Außerdem haben wir im Frühjahr 2011 das Bergbau-Museum in Bochum besucht. Neben der Besichtigung der interaktiven Ausstellung haben wir dort auch an altersgemäßen, museumspädagogischen Programmen teilgenommen.

Alle vier Jahre fahren wir mit allen Kindern und Lehrern unserer Schule auf eine fünftägige Schulfahrt. Im Jahr 2008 waren wir in der Jugendherberge am Möhnesee.

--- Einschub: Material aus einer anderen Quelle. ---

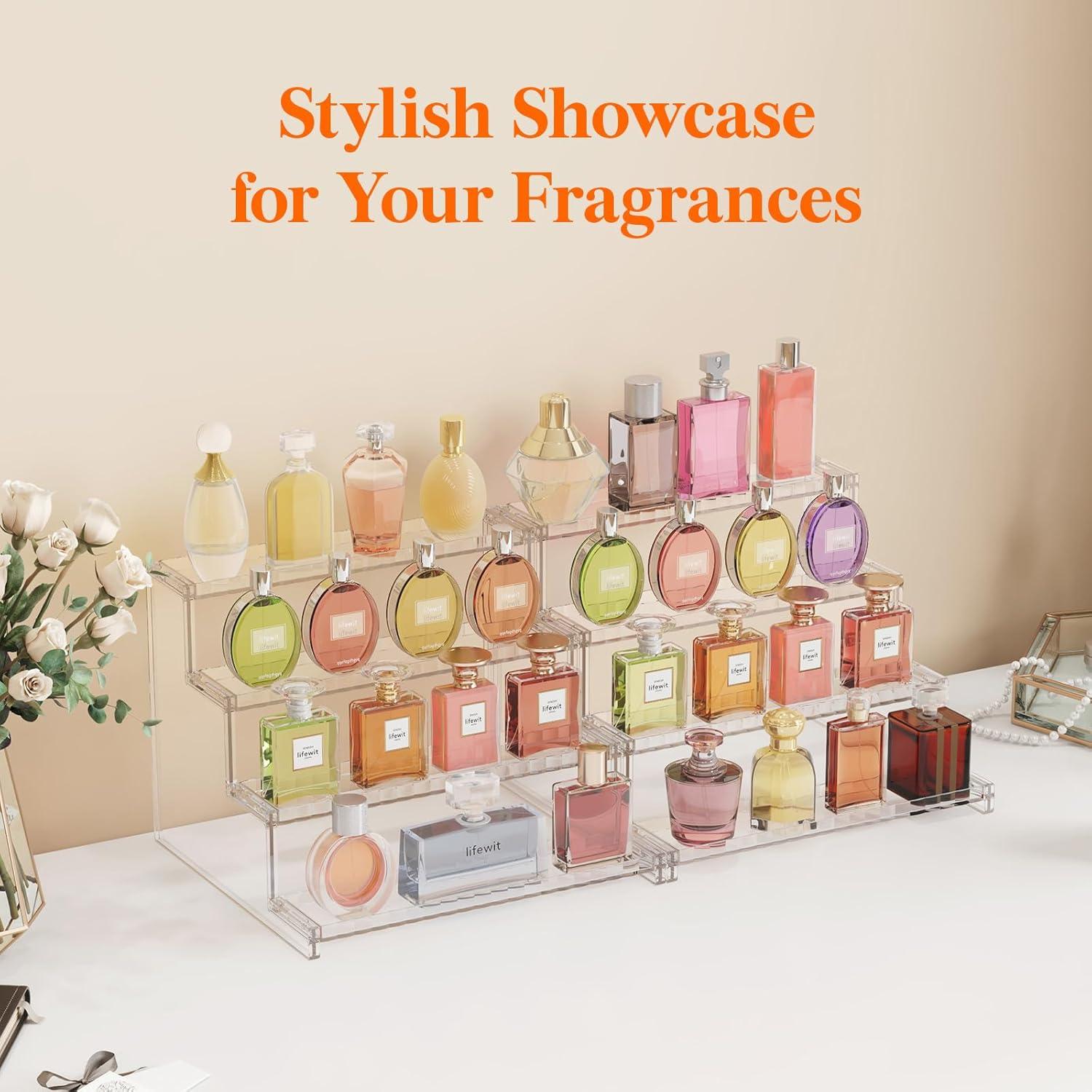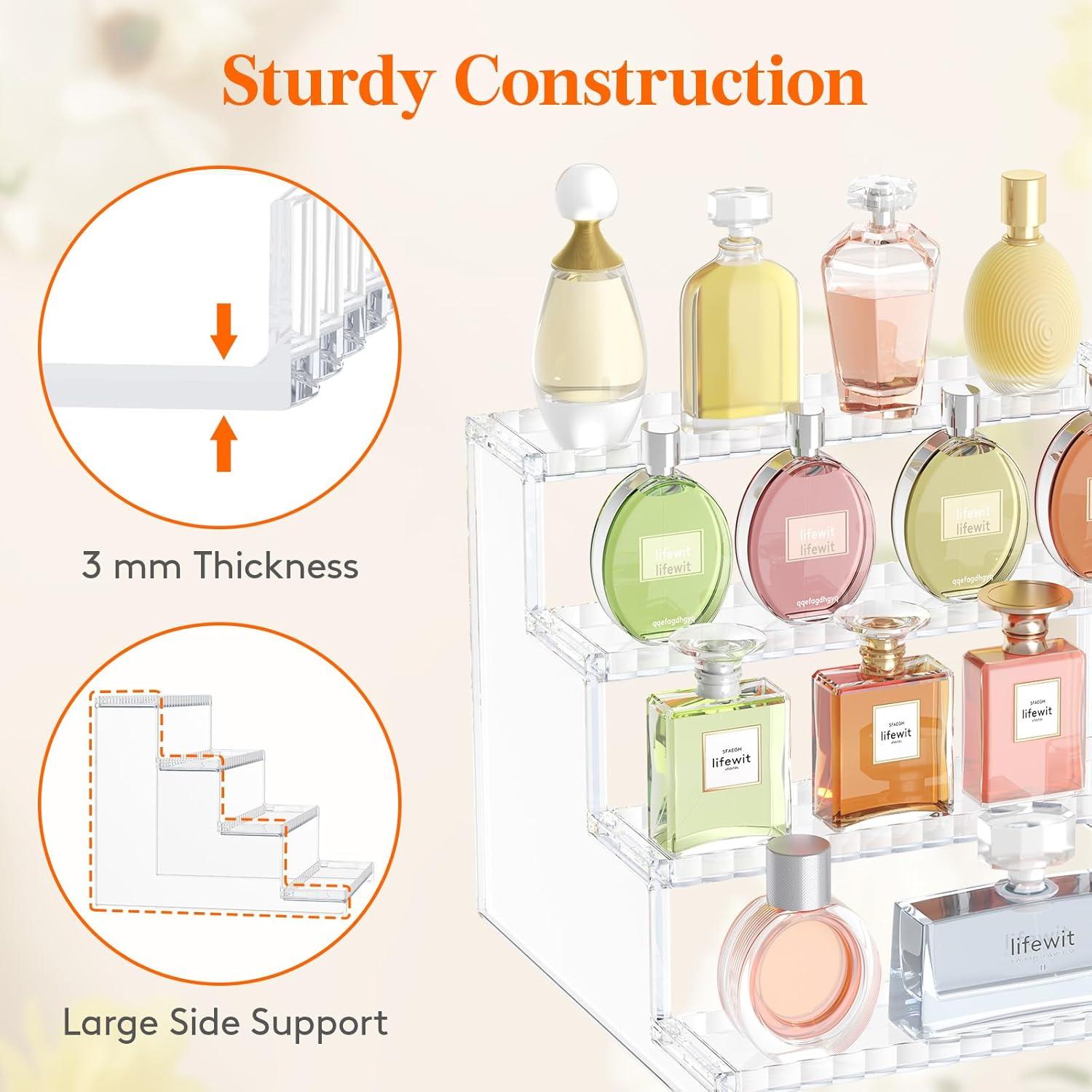 Perfume Organizer Choice: This 4-tier perfume stand with decorative fences effortlessly organizes and showcases your perfumes, elevating the aesthetics of your vanity while utilizing your dressing table space and making them easily accessible

Auf dieser Fahrt konnten sich die Kinder untereinander - und auch ihre Lehrer - besser kennenlernen und wir unternahmen gemeinsam viele Ausflüge. So besuchten wir das Landschaftsinformationszentrum und lernten vieles über die Staumauer, dort lebende Tiere und Pflanzen. Wir fuhren mit einem Schiff über den Möhnesee und unternahmen Wanderungen in den nahe gelegenen Wald. Von den Kindern besonders geschätzt war auch die Stadtrallye in Körbecke.

 

Die Schulfahrt trug viel zur Stärkung des Gemeinschaftsgefühls und des Sozialverhaltens bei. Für viele Kinder war sie das Highlight ihrer Grundschulzeit. Die letzten beiden Schulfahrten haben uns im April 2012 und April 2016 nach Nachrodt-Wiblingwerde am Rande des Sauerlandes geführt.

Schulfahrt 2012

Montag im Sauerland

Nach der Ankunft haben wir auf dem hauseigenen Spielplatz gepicknickt und anschließend das Gelände und das Haus erkundet. Nach einem leckeren Mittagessen ging es zunächst auf die Zimmer, bevor wir zum Waldlehrpfad wanderten und dort in Kleingruppen zu Wald-Detektiven wurden. Das Wetter hat den ganzen Tag mitgespielt – immer wieder schien die Sonne und nur zweimal mussten wir kurz die Kapuzen aufsetzen. Abends machte den Kindern das Activity-Spiel im Aufenthaltsraum viel Freude, bevor alle Kinder nach einer Gute-Nacht-Geschichte einschlummerten.

Dienstag im Sauerland

Nach dem Frühstück teilten die Kinder sich in drei Interessengruppen auf: Hüttenbau im Wald in Kleingruppen, gemeinsamer Bau von Flößen und Staudämmen am Bach und Bemalen von Steinen im Haus. Mit viel Spaß waren alle Kinder dabei. Das leckere Mittagessen stärkte die Kinder für den Tausch der Aktivitäten am Nachmittag. Auch an diesem Tag hatten wir Glück mit dem Wetter: Nach einem heftigen Regenschauer vor und beim Abendessen war es wieder trocken, so dass wir den Abend mit Stockbrotbacken beschließen konnten. Nach viel Bewegung an frischer Luft waren einige Kinder schon vor der Gute-Nacht-Geschichte eingeschlafen.

 

Mittwoch im Sauerland

Der Sonnenschein weckte uns und machte später auch die Wanderung zur Burg Altena zu einem schönen Erlebnis. Alle Kinder bestanden dort auch die sieben Prüfungen und wurden zum Abschluss in der Kapelle vom Knappen zum Ritter geschlagen. Abends vergnügten sich die Kinder bei Kreis-Spielen oder einem Kino-Abend.

 

Donnerstag im Sauerland

Der Regen hatte sich nach dem Frühstück verzogen, so dass wir einen wunderschönen Tag im Freilichtmuseum in Hagen verbringen konnten. In fünf Gruppen haben wir vormittags einige Werkstätten erkundet. Die Mittagspause genossen alle Kinder zusammen auf dem „Experimentierfeld Wasser“. Dann starteten fünf museumspädagogische Programme, in denen die Kinder selbst verschiedene Handwerkstechniken kennen gelernt und auch ausprobiert haben: Blaudruck, Seilherstellung, Dampfmahlmühle, Schöpfen von Büttenpapier und Herstellung und Abgießen von Formen in der Gelbgießerei. Der Tag endete mit gemeinsamen Spielen und einer Disco.

 

 

Freitag im Sauerland

Nachdem die Kinder die Koffer gepackt und ihre Zimmer geräumt hatten, stand das letzte gemeinsame Frühstück an. Während der Spüldienst noch in der Küche aktiv war, konnten sich die anderen Kinder auf dem hauseigenen Spielplatz vergnügen - bis die Busse kamen und uns alle wieder gesund nach Vellern brachten. Dort warteten schon die Eltern und schlossen ihre Kinder glücklich in die Arme. Damit ging eine gelungene Schulfahrt zu Ende.

Anfang 2011 haben wir Kinder, die bei der Schulfahrt 2008 vornehmlich im 1. Schuljahr waren, und deren Eltern befragt, um eine Grundlage für die Planung der mehrtägigen Schulfahrt im Jahr 2012 zu haben.